说完便走,不曾有丝毫迟疑。宇文晋磊负手独立,望着远处她的身影渐渐被夜色吞没,再也瞧不见。
周遭安静得诡异,只有空气中有一缕若有似无的暗香提醒着他方才的一切是真的。宇文晋磊暗自思忖着她的话,眼角余光分明瞥到远处墙角深处的阴影下有鬼祟的人影飘忽闪过。
这皇城深宫里,依旧魑魅横行。
楚家倒台,皇后被废,当下头两件悬而未决的事便是中宫皇后人选与择立皇位的继承人。朝臣分为两派,有人主张应从祖制立嫡皇子,有人揣摩着夜飒的心意立刻反对,只道二皇子乃废后所出,不宜立为储君,反倒莲贵嫔所出的皇长子最为适合。这个提议也立刻被人以莲贵嫔出身卑微为由反对,两派吵吵闹闹一阵子,都争不出个所以然来。前朝风起云涌,后宫也并不平静。夜飒终于下定决心不顾杨太后的反对将朝歌的一双儿女交由朝颜抚育,后宫妃嫔们心知肚明,如今的楚昭仪自然比不得莲贵嫔受宠,二皇子由她抚育,本就渺茫的立储机会如今更是堪忧,后宫前朝都在翘首企盼,最终夜飒择立的储君会是何人。
四月里,皇长子满一岁。不只杨太后,连夜飒也一直喜爱这个皇子,相比朝歌的一双儿女自出生后就遭冷遇,皇长子的周岁生辰变得尤为瞩目。宫中人事最善逢迎,内务司揣摩着夜飒的心意,操办得格外热闹。
那日的麒麟殿难得热闹,连杨太后都亲自前来,朝颜仅择了个不易引人注目的地方落座,尽量使自己在人群中丝毫不起眼。
茉岚自然是今日家宴的主角,她向来谦逊,一身雅致得体的装扮,既不张扬,也不份,微笑着从乳娘怀中抱过牙牙学语的小皇子,这才款款落座于天子身侧。小皇子刚满一岁,年前才被夜飒赐名子成,如今正是学步的年纪,此时正摇摇晃晃地伸出小手抓着乳娘的衣襟,咿咿呀呀地说个不停。杨太后抱起他逗弄了片刻,又对身边的侍从吩咐道:“哀家记得上回暹罗的上贡里有块玉锁很是别致,去取来给小皇子。”

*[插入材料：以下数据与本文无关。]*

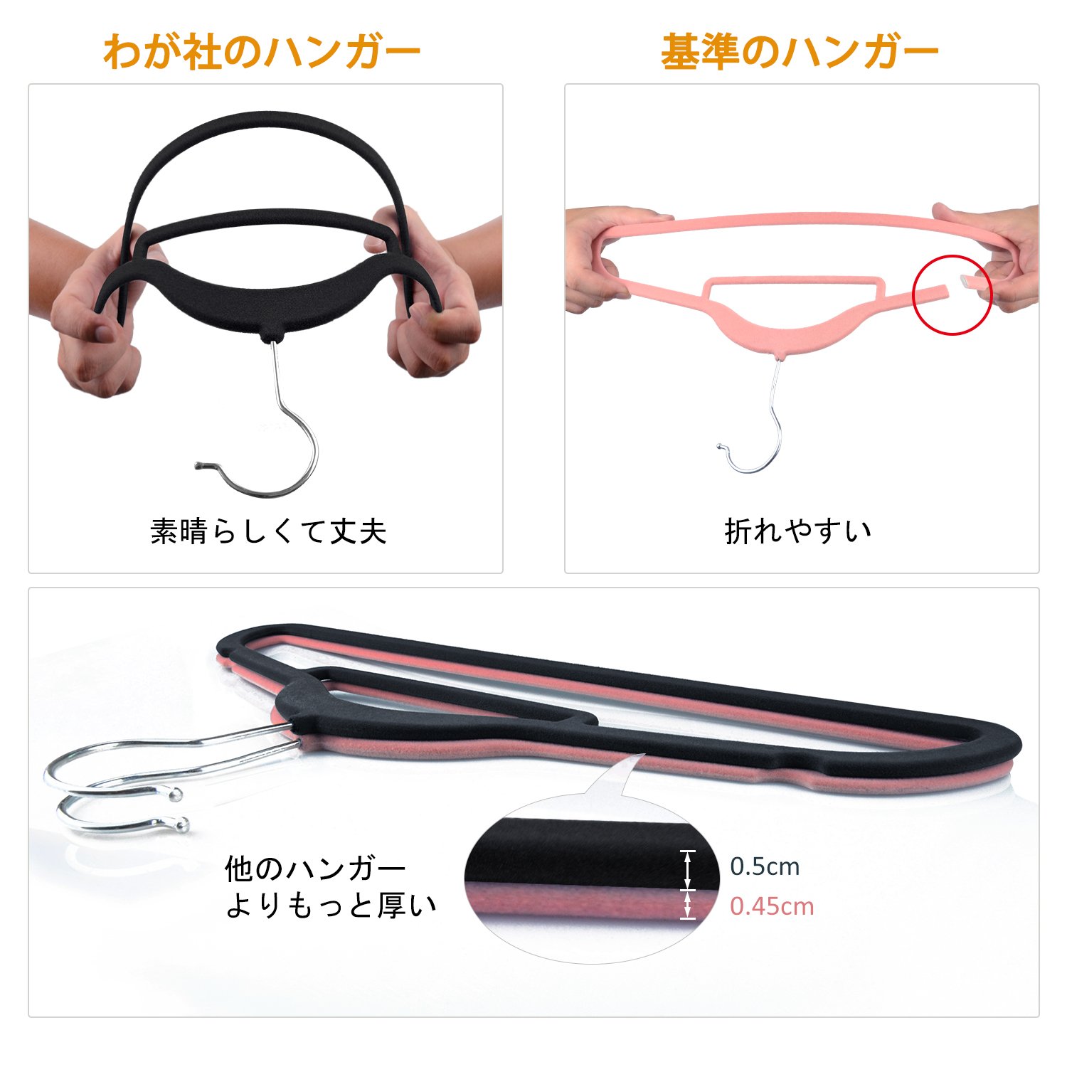 スチールハンガーよりもずっと軽く、また起毛ハンガーよりも耐久性が有る、いわば従来の『すべらないハンガー』の欠点を克服した、新しいハンガーです。

茉岚忙起身道:“谢太后隆恩,只是他还小,太后日日赏这样多东西,简直是折杀他了。”
杨太后和颜悦色地道:“哀家心里高兴,赏孙子几样物件儿有什么打紧的。倒是你,如今是做贵嫔的人,怎打扮得如此素净寡淡,趁着大好年华,多装扮装扮。”
茉岚笑吟吟地道:“太后风采一如当年,臣妾再如何打扮也哪里及得上您万一?”
太后摆手笑道:“老了老了,就你喜欢贫嘴,夸得哀家跟什么似的。”一侧的梁婕妤打趣笑道:“莲姐姐这般会说话,怪不得皇上和太后都如此喜爱。倒叫我们这些笨嘴拙舌的越发无地自容了。”
茉岚笑嗔她一眼,不忘侧眸望向御座上的夜飒,只见他此时垂着脸,也不知道在想什么。茉岚看在眼底只是一笑,目光极快地移向自己怀中的小皇子,又抱着他同太后说笑了一回。
一堂人各怀心思地说笑不住,牙牙学语的小皇子格外淘气,逗得杨太后心情大好,连夜飒脸上也露出了难得的笑意。太后身边的近侍翠姑姑见夜飒他们母子二人言笑晏晏,便赔着笑道:“太后您看,这小皇子笑起来的模样简直跟皇上小时候像一个模子刻出来的似的!”
夜飒懒懒地听着,并不说什么,只随意伸手逗弄着小皇子,那孩子甚是聪颖,一伸手就抓住他指上的碧玺扳指夺了过去。那扳指本是当年老江夏王弱冠行冠礼时穆宗亲赐,而后又给了夜飒,意义非同一般。茉岚见了忙去扳开小皇子的手,低声哄道:“子成乖,这个可不能拿来玩,快还给父皇啊!”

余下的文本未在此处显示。